BEGIN

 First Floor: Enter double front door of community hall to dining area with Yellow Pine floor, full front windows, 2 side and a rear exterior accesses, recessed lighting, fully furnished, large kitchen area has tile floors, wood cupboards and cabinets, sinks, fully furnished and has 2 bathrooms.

END
BEGIN

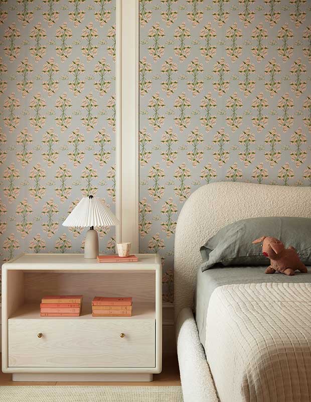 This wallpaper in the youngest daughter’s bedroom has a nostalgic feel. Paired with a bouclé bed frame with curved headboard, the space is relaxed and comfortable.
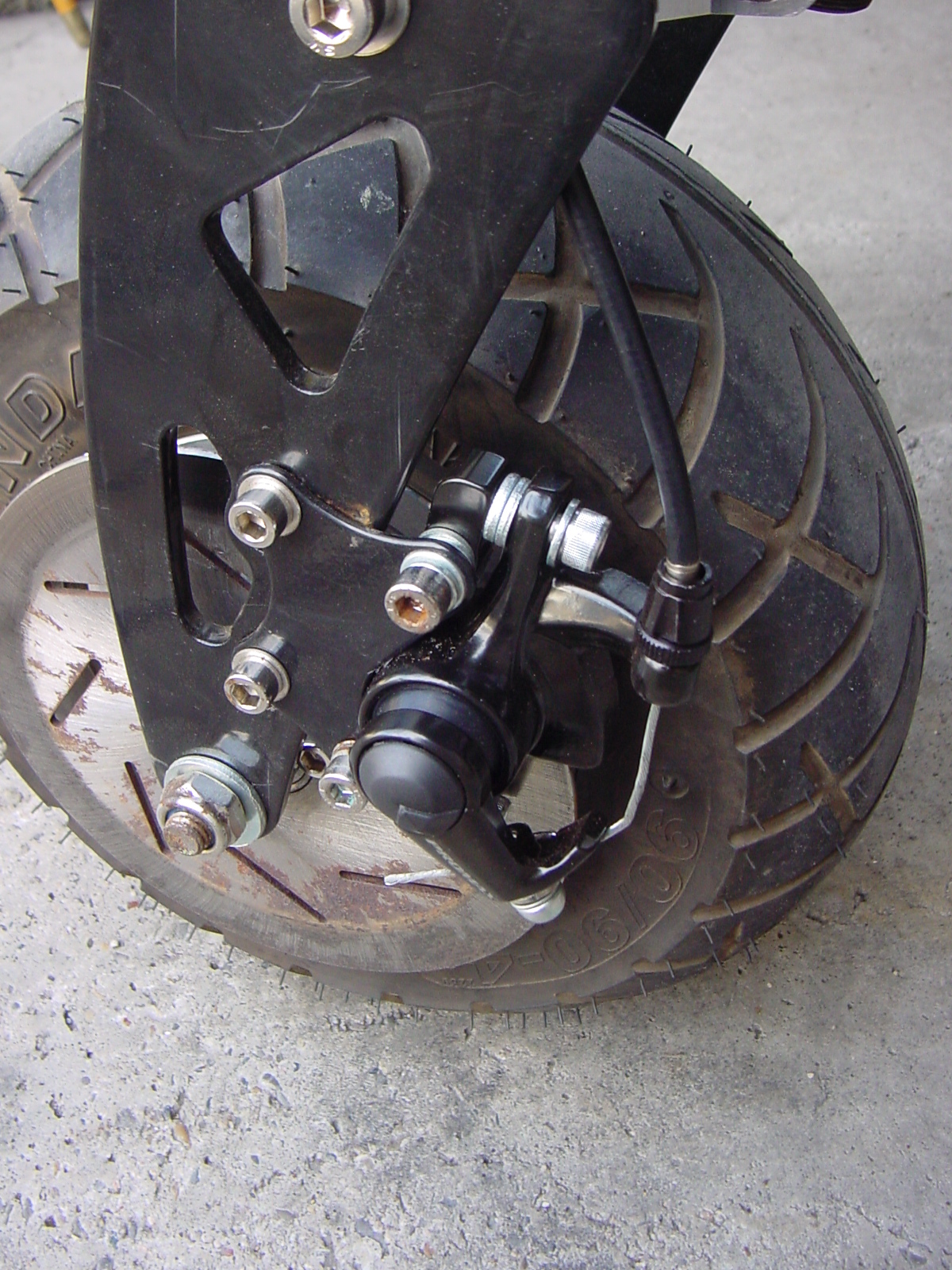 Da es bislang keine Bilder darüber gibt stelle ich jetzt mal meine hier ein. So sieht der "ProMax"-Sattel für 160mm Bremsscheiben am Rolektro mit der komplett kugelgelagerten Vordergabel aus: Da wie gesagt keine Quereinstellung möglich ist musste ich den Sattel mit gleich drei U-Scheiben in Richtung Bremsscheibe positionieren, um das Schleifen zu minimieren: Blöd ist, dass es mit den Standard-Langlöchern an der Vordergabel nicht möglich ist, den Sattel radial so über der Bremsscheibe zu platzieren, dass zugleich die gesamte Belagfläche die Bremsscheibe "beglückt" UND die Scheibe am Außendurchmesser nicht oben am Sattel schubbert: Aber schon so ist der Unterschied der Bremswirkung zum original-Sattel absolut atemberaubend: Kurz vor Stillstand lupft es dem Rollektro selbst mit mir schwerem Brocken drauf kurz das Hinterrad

END

→ WHAT THE EXERCISE ASKS: Above are the records; restate exactly the lines from the one containing "This wallpaper in" through the one containing "Da es bislang", keeping pictures out.

→ EXERCISE SOLUTION:
 This wallpaper in the youngest daughter’s bedroom has a nostalgic feel. Paired with a bouclé bed frame with curved headboard, the space is relaxed and comfortable.
 Da es bislang keine Bilder darüber gibt stelle ich jetzt mal meine hier ein. So sieht der "ProMax"-Sattel für 160mm Bremsscheiben am Rolektro mit der komplett kugelgelagerten Vordergabel aus: Da wie gesagt keine Quereinstellung möglich ist musste ich den Sattel mit gleich drei U-Scheiben in Richtung Bremsscheibe positionieren, um das Schleifen zu minimieren: Blöd ist, dass es mit den Standard-Langlöchern an der Vordergabel nicht möglich ist, den Sattel radial so über der Bremsscheibe zu platzieren, dass zugleich die gesamte Belagfläche die Bremsscheibe "beglückt" UND die Scheibe am Außendurchmesser nicht oben am Sattel schubbert: Aber schon so ist der Unterschied der Bremswirkung zum original-Sattel absolut atemberaubend: Kurz vor Stillstand lupft es dem Rollektro selbst mit mir schwerem Brocken drauf kurz das Hinterrad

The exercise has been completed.